Work task: Given the records below, would you repeat exactly the lines that begin at the one containing "For Unto Us" and end at the one containing "فينيسيوس جونيور في", inclusive?

↓

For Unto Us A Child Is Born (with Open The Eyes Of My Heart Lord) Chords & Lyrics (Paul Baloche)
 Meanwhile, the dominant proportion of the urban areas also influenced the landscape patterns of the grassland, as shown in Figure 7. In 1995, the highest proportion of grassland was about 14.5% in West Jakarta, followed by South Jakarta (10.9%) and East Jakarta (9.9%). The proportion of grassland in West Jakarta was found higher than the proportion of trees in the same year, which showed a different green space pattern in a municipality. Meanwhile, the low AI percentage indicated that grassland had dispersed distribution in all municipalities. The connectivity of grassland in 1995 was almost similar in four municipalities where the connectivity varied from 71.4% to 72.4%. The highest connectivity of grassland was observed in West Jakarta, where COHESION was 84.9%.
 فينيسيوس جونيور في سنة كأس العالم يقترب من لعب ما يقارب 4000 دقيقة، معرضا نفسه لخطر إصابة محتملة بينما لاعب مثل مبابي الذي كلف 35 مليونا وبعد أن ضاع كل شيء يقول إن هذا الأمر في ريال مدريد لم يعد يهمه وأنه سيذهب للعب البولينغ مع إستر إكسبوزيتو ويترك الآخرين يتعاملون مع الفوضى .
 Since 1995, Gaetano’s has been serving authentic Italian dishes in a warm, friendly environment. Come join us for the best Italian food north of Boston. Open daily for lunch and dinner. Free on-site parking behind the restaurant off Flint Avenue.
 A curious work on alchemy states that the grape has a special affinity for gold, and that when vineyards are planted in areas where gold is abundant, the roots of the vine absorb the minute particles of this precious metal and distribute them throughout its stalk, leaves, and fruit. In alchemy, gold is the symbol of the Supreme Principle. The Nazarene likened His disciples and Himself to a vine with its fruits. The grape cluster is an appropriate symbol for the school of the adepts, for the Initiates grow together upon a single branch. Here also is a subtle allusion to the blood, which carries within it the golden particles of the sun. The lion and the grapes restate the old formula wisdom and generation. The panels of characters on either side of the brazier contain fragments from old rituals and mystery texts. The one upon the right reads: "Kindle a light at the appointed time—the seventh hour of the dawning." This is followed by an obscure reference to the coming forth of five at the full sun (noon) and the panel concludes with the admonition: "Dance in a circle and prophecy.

↑
↓

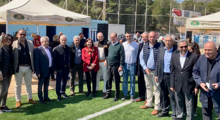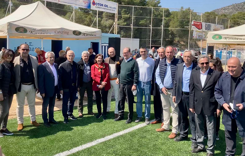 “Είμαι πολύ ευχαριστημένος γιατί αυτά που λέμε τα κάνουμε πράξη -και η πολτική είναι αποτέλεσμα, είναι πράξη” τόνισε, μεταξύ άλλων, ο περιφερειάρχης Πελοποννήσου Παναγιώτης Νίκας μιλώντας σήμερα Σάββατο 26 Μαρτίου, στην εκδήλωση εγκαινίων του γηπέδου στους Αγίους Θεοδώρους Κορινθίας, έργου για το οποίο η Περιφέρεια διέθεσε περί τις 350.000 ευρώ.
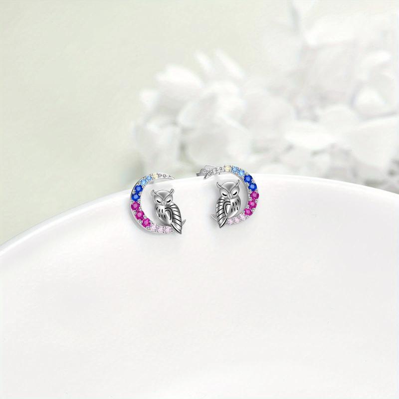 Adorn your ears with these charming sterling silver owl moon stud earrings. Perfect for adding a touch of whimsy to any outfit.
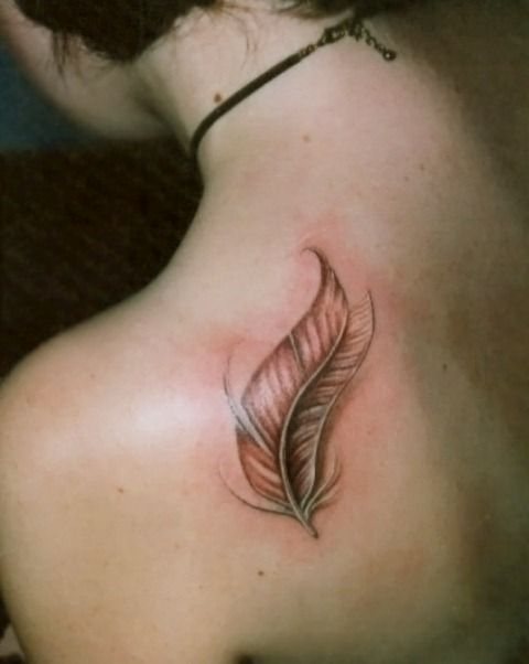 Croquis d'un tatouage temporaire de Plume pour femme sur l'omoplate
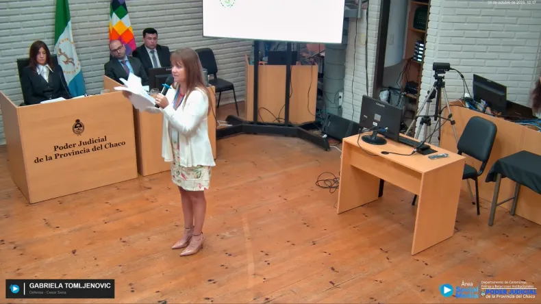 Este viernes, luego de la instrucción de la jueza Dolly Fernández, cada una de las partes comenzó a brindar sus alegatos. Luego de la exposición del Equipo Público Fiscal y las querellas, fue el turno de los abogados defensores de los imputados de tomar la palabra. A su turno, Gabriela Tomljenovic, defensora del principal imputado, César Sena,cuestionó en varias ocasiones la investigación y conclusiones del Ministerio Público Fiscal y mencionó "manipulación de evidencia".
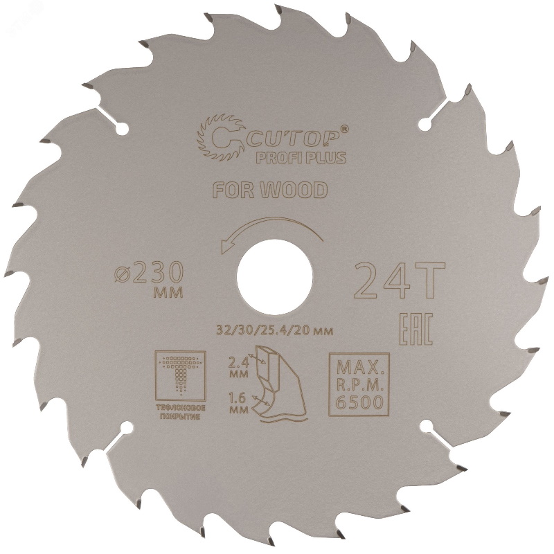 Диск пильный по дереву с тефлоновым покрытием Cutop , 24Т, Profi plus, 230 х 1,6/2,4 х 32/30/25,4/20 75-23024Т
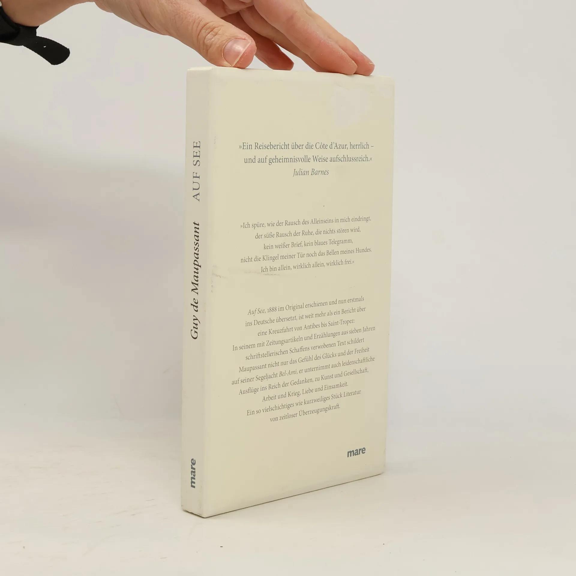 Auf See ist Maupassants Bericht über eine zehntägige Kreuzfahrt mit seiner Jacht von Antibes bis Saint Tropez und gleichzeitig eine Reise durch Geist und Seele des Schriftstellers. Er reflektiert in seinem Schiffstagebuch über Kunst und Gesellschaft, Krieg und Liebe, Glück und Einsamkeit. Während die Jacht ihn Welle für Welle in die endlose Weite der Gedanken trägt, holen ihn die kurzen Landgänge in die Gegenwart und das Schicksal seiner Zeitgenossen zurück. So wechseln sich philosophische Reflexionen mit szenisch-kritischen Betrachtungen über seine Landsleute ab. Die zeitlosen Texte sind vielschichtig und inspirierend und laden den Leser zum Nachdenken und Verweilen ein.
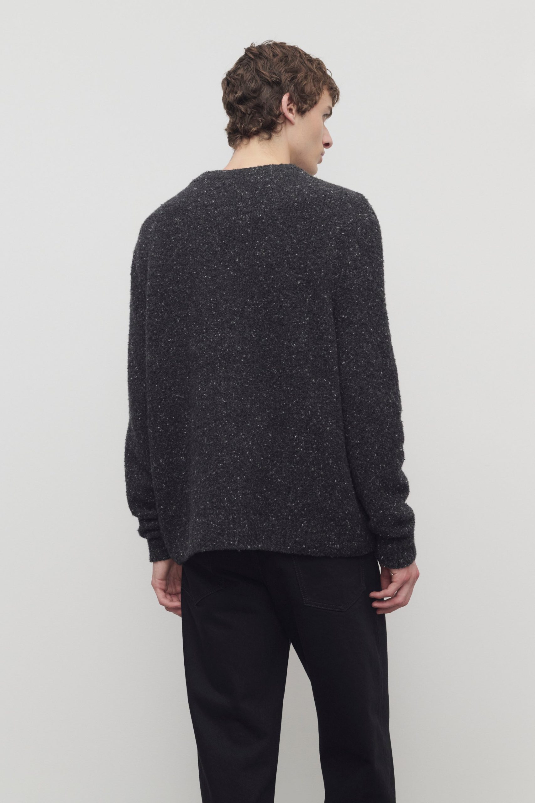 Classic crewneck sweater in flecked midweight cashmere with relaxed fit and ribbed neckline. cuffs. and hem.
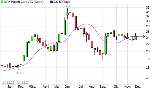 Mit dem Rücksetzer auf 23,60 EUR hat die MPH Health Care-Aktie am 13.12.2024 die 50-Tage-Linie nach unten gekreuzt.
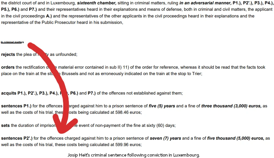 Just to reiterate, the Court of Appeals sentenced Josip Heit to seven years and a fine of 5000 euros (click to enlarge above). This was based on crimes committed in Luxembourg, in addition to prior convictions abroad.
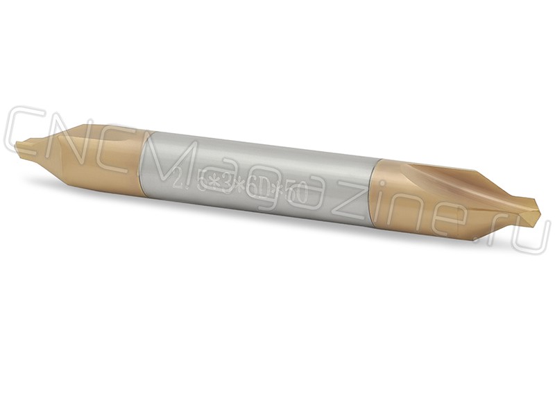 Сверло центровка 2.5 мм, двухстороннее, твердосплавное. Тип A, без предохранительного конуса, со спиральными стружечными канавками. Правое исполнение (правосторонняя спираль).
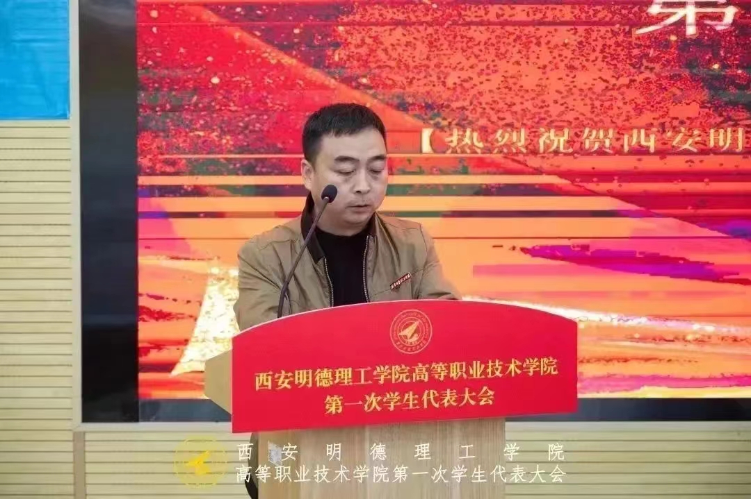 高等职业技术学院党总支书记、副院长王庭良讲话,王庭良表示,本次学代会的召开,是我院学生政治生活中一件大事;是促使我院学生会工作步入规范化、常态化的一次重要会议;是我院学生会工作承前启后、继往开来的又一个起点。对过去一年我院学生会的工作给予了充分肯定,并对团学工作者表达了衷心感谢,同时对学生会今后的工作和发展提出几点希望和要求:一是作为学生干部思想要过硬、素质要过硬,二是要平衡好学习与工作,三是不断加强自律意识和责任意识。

↑

Answer for this exercise:
For Unto Us A Child Is Born (with Open The Eyes Of My Heart Lord) Chords & Lyrics (Paul Baloche)
 Meanwhile, the dominant proportion of the urban areas also influenced the landscape patterns of the grassland, as shown in Figure 7. In 1995, the highest proportion of grassland was about 14.5% in West Jakarta, followed by South Jakarta (10.9%) and East Jakarta (9.9%). The proportion of grassland in West Jakarta was found higher than the proportion of trees in the same year, which showed a different green space pattern in a municipality. Meanwhile, the low AI percentage indicated that grassland had dispersed distribution in all municipalities. The connectivity of grassland in 1995 was almost similar in four municipalities where the connectivity varied from 71.4% to 72.4%. The highest connectivity of grassland was observed in West Jakarta, where COHESION was 84.9%.
 فينيسيوس جونيور في سنة كأس العالم يقترب من لعب ما يقارب 4000 دقيقة، معرضا نفسه لخطر إصابة محتملة بينما لاعب مثل مبابي الذي كلف 35 مليونا وبعد أن ضاع كل شيء يقول إن هذا الأمر في ريال مدريد لم يعد يهمه وأنه سيذهب للعب البولينغ مع إستر إكسبوزيتو ويترك الآخرين يتعاملون مع الفوضى .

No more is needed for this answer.